Boletín semanal | Edición 15 / 03 / 16

Superintendencia de Sociedades.

La Superintendencia de Sociedades a través del Oficio No. 220-044806 del 23 de febrero de 2016, se pronunció en lo relacionado con la prenda y usufructo de acciones, particularmente sobre si en una sociedad comercial existen acciones que se encuentran prendadas, estando la prenda inscrita en el libro de registro de accionistas, ¿es necesario, para otorgar un usufructo sobre las mismas acciones y así permanecer con la nuda propiedad, solicitar autorización del acreedor prendario?

Al respecto manifestó que si al acreedor prendario no le han sido deferidos los derechos inherentes a la calidad de accionista, y se pretende dar las mismas acciones en usufructo, conservando el propietario la nuda propiedad, no habría razón de orden legal que obligue solicitar autorización al acreedor prendario para constituir un usufructo sobre las acciones mencionadas.

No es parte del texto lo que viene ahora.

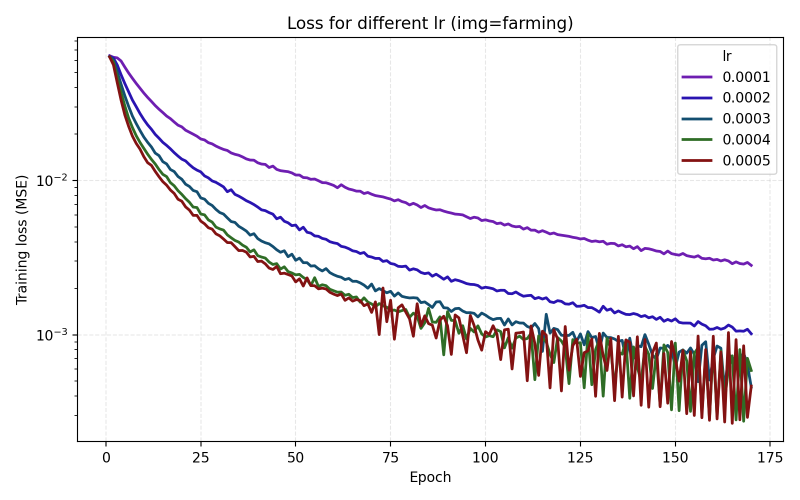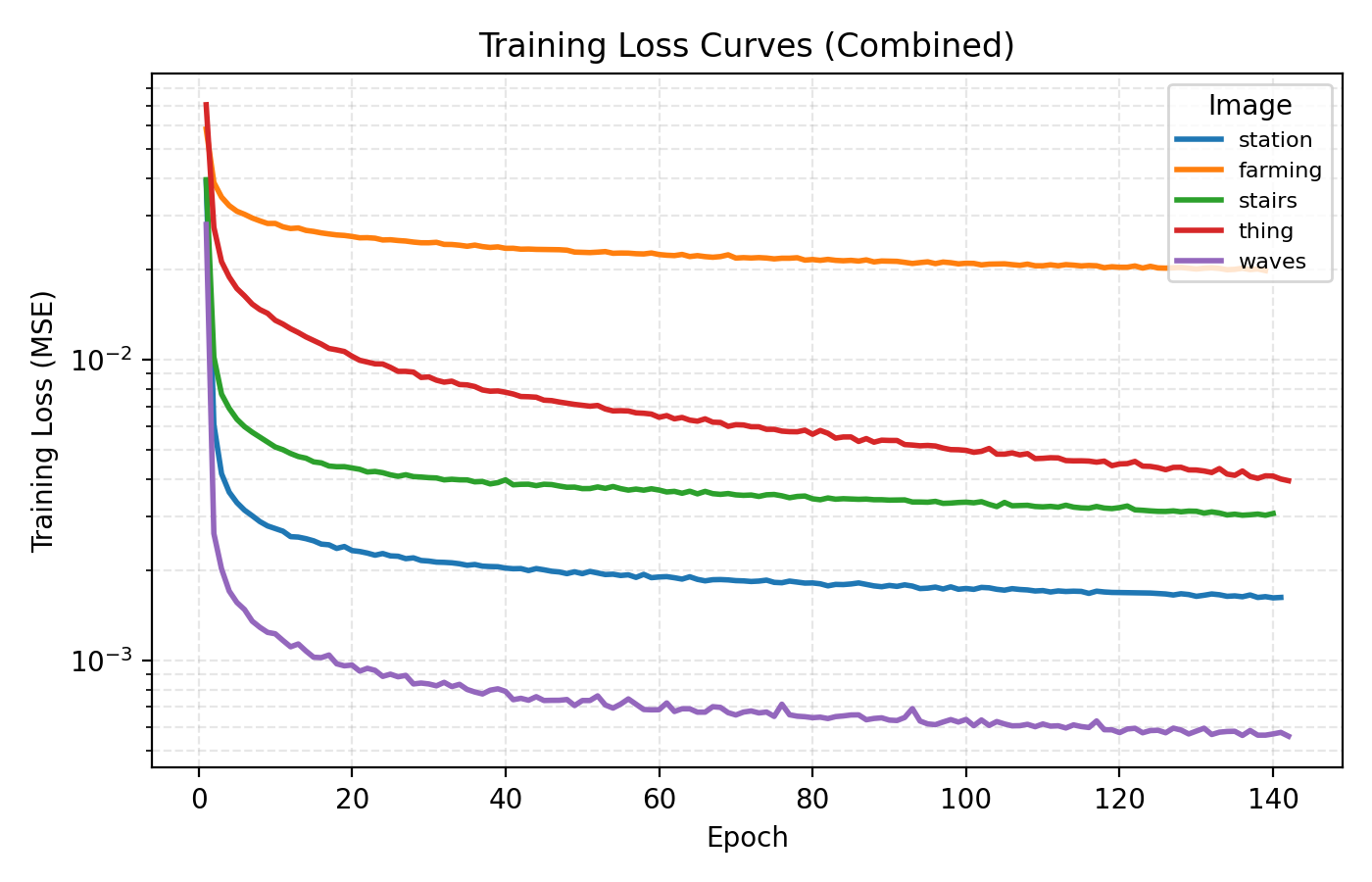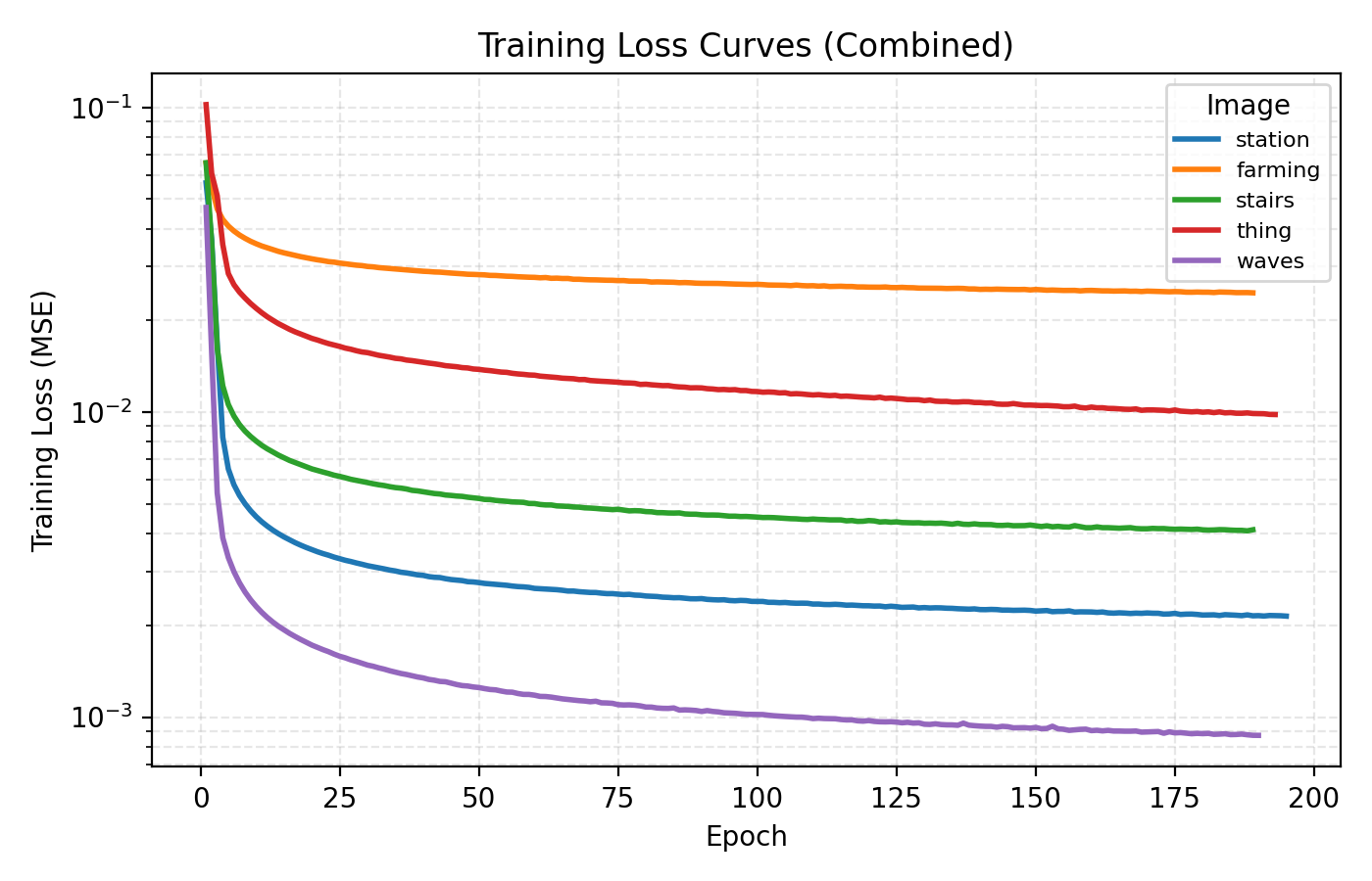 In this example the loss is extremely rapidly decreasing in the start and plateaus at rather high level. However the level at which the loss curves plateau differ greatly for the different images. We see for example that the farming image is hard to learn, most likely due to its significant high frequency components.
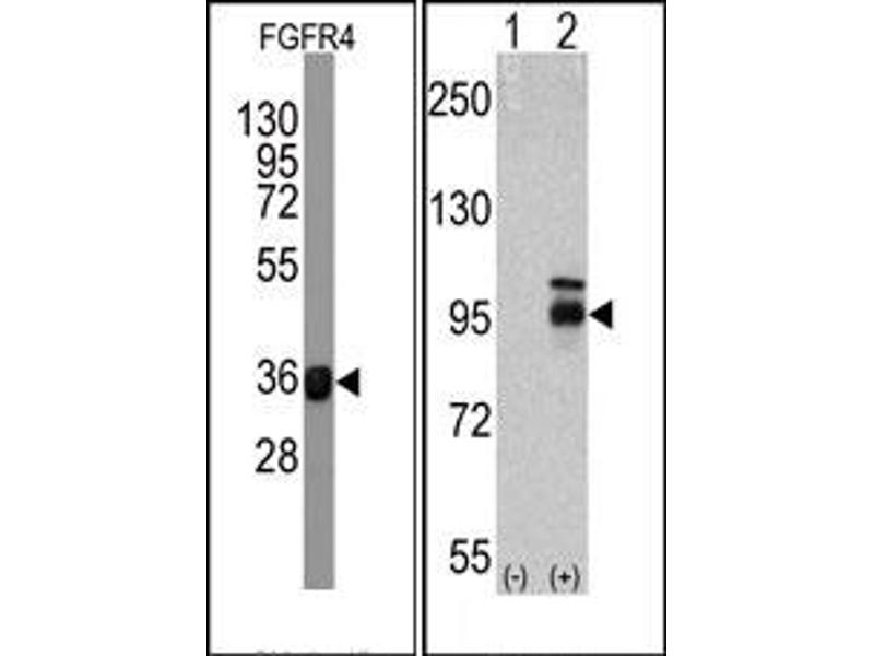 FGFR4 is a member of the fibroblast growth factor receptor family, where amino acid sequence is highly conserved between members and throughout evolution. FGFR family members differ from one another in their ligand affinities and tissue distribution. A full-length representative protein would consist of an extracellular region, composed of three immunoglobulin-like domains, a single hydrophobic membrane-spanning segment and a cytoplasmic tyrosine kinase domain. The extracellular portion of the protein interacts with fibroblast growth factors, setting in motion a cascade of downstream signals, ultimately influencing mitogenesis and differentiation. This particular family member preferentially binds acidic fibroblast growth factor and, although its specific function is unknown, it is overexpressed in gynecological tumor samples, suggesting a role in breast and ovarian tumorigenesis.Synonyms: FGFR-4, Fibroblast growth factor receptor 4, JTK2, TKF
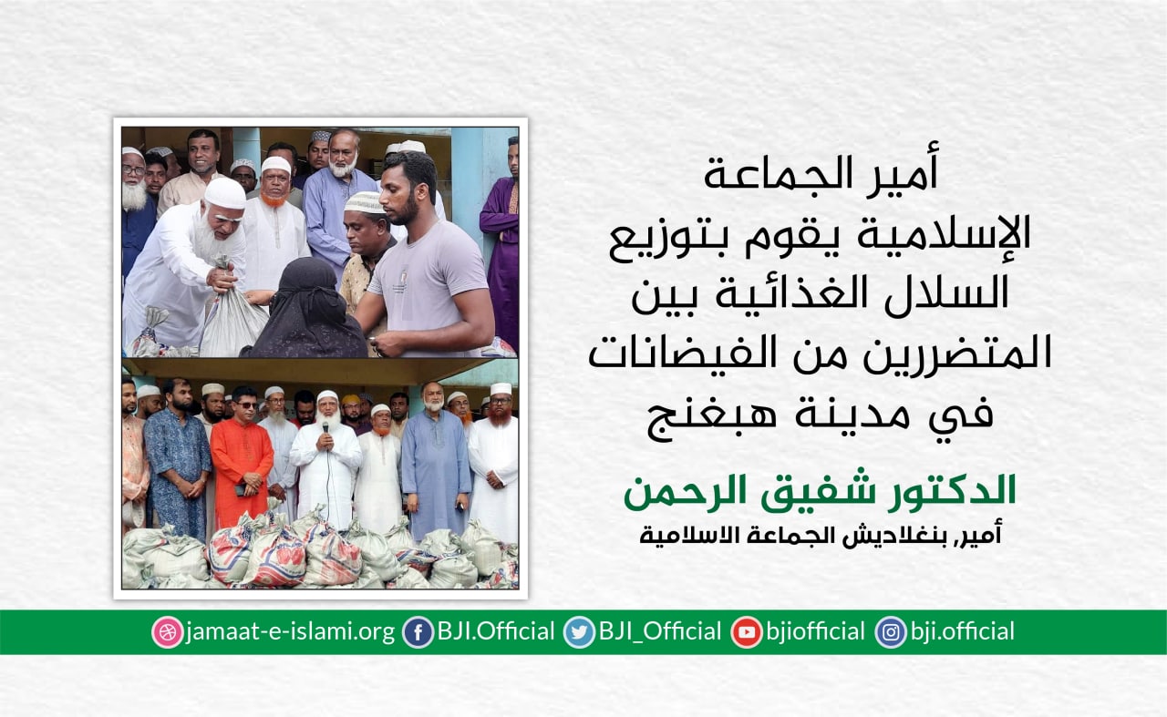 في اليوم الثالث للعيد أمير الجماعة الإسلامية يواصل توزيع هدايا العيد بين المتضررين من الفيضانات في مدينة سلهت
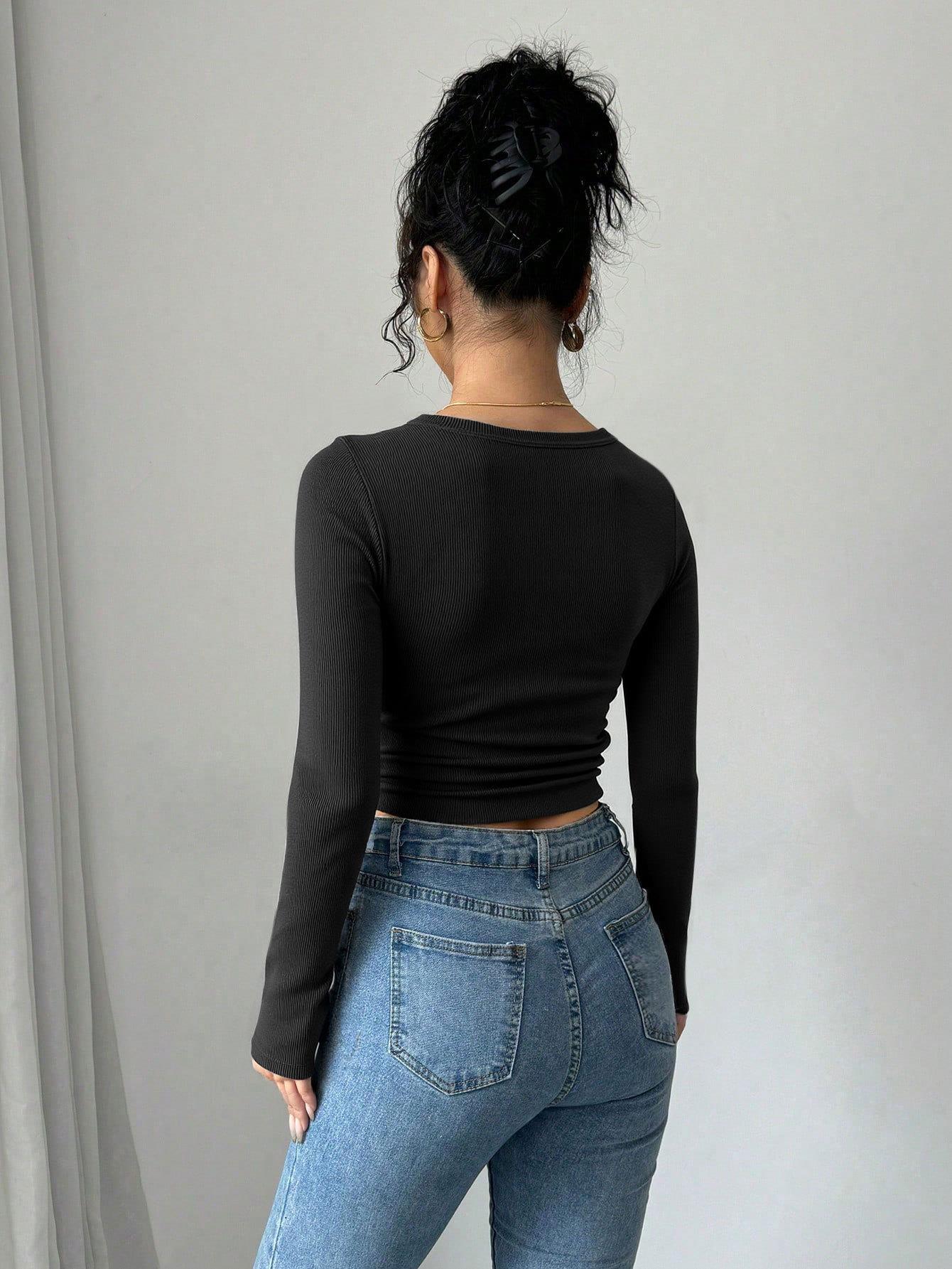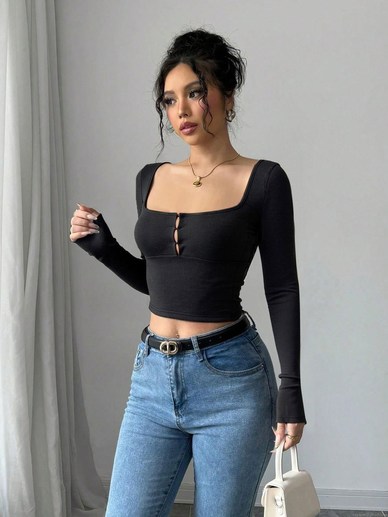• Women Sexy Square Neck Long Sleeve Rib-Knit Crop Top Polyester Elastane Slim Fit Stretch Button Cut Out T-Shirt For Club Streetwear
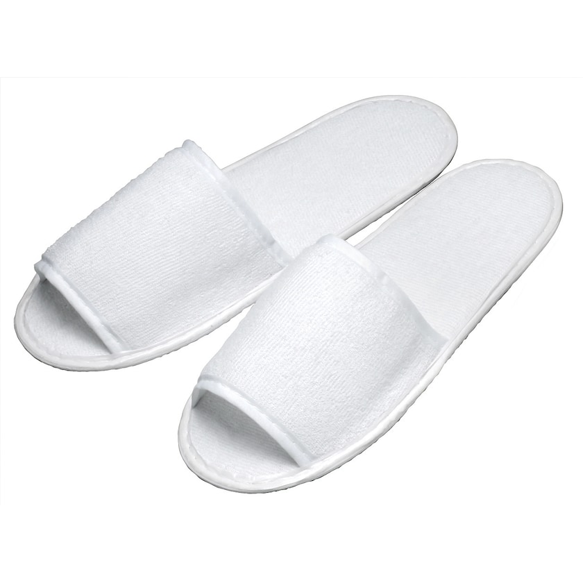 Engangs morgentøfler. Fås i to størrelser. Kun 1-farvestryk er muligt.
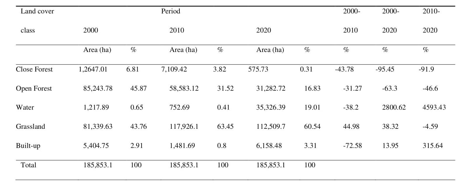 In all, five land cover types were identified, namely; built-up, close forest, grassland, open forest, and water body. A set of three different land cover maps covering the study area for the years 2000, 2010 and 2020 is shown in Figure 3.
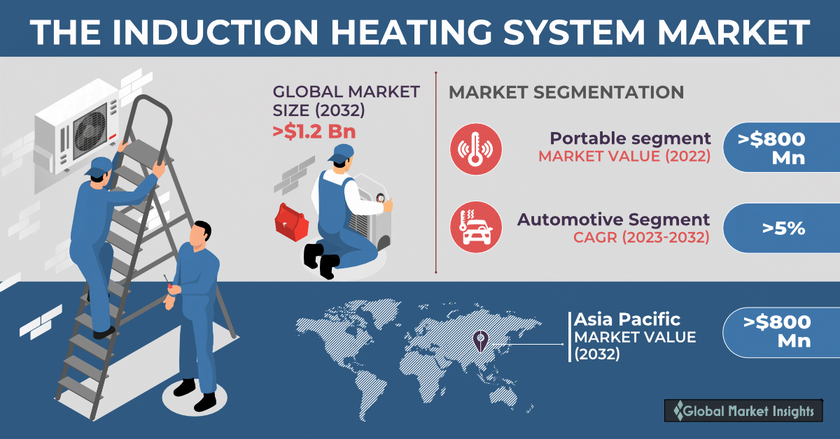 Induction heating systems market from the portable segment garnered over USD 800 million in 2022. Portable induction heating systems find widespread usage in a variety of industrial applications for executing several operations. These systems offer a number of advantages over their traditional counterparts, including reduced operational & capital costs, low maintenance, and less power usage, which is likely to favor product demand by 2032.
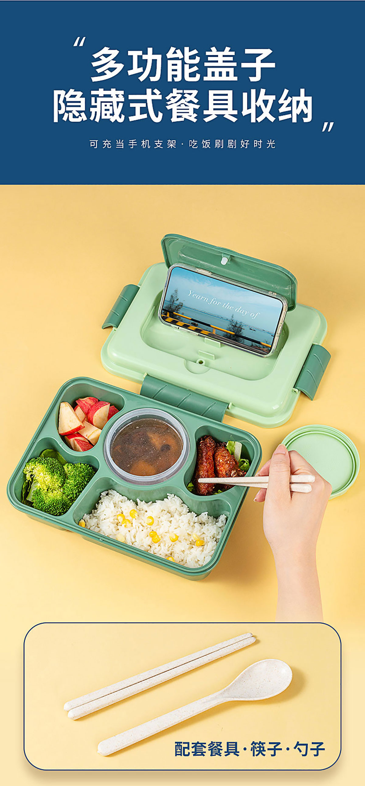 Size: SHX-2256(四格帶湯碗):飯盒:260*190*80mm 湯碗:Φ90*60mm/250ml
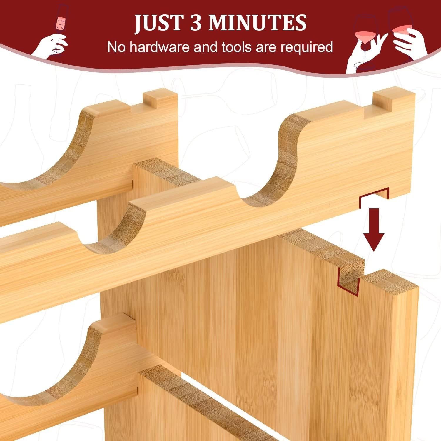 - EASY ASSEMBLY: No tool is required. Just follow the assembly instructions to combine the partitions in order, and you can have an elegant wine holder in about 3 minutes.
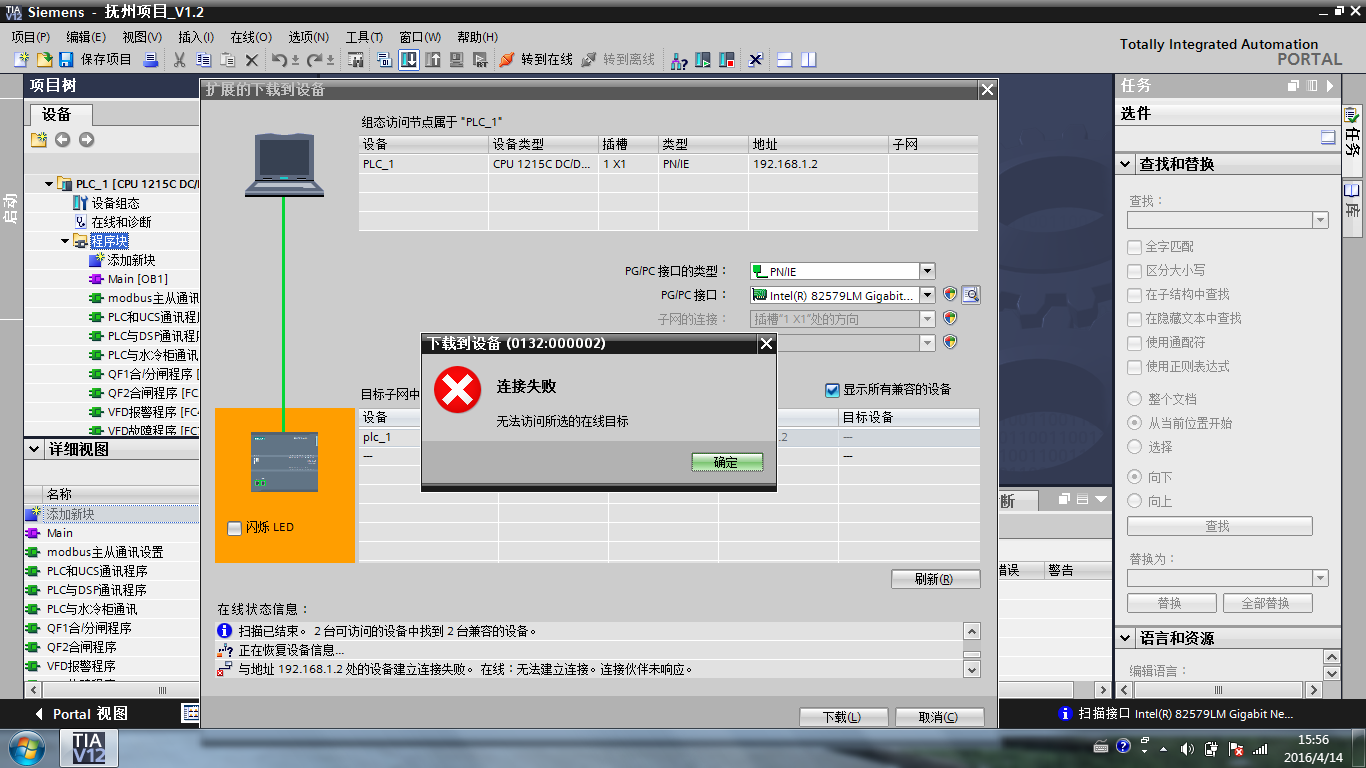 我用PORTAL V12软件下载程序时出连接失败是什么原因,用别的电脑下载也出现这问题。软件在闪烁灯上打钩PLC也闪的,就是下程序时报错还是就是没法在线。

Lo anterior obedece a que el contrato de usufructo no comporta la negociación de acciones (artículo 403 del Código de Comercio). Así las cosas, las acciones son libremente negociables salvo las excepciones consagradas en el artículo mencionado, lo cual significa que su titular puede disponer de sus acciones y de consiguiente, la persona que en tal virtud las adquiere las adquiere, asume la calidad de accionista y los derechos y obligaciones inherentes a ellas.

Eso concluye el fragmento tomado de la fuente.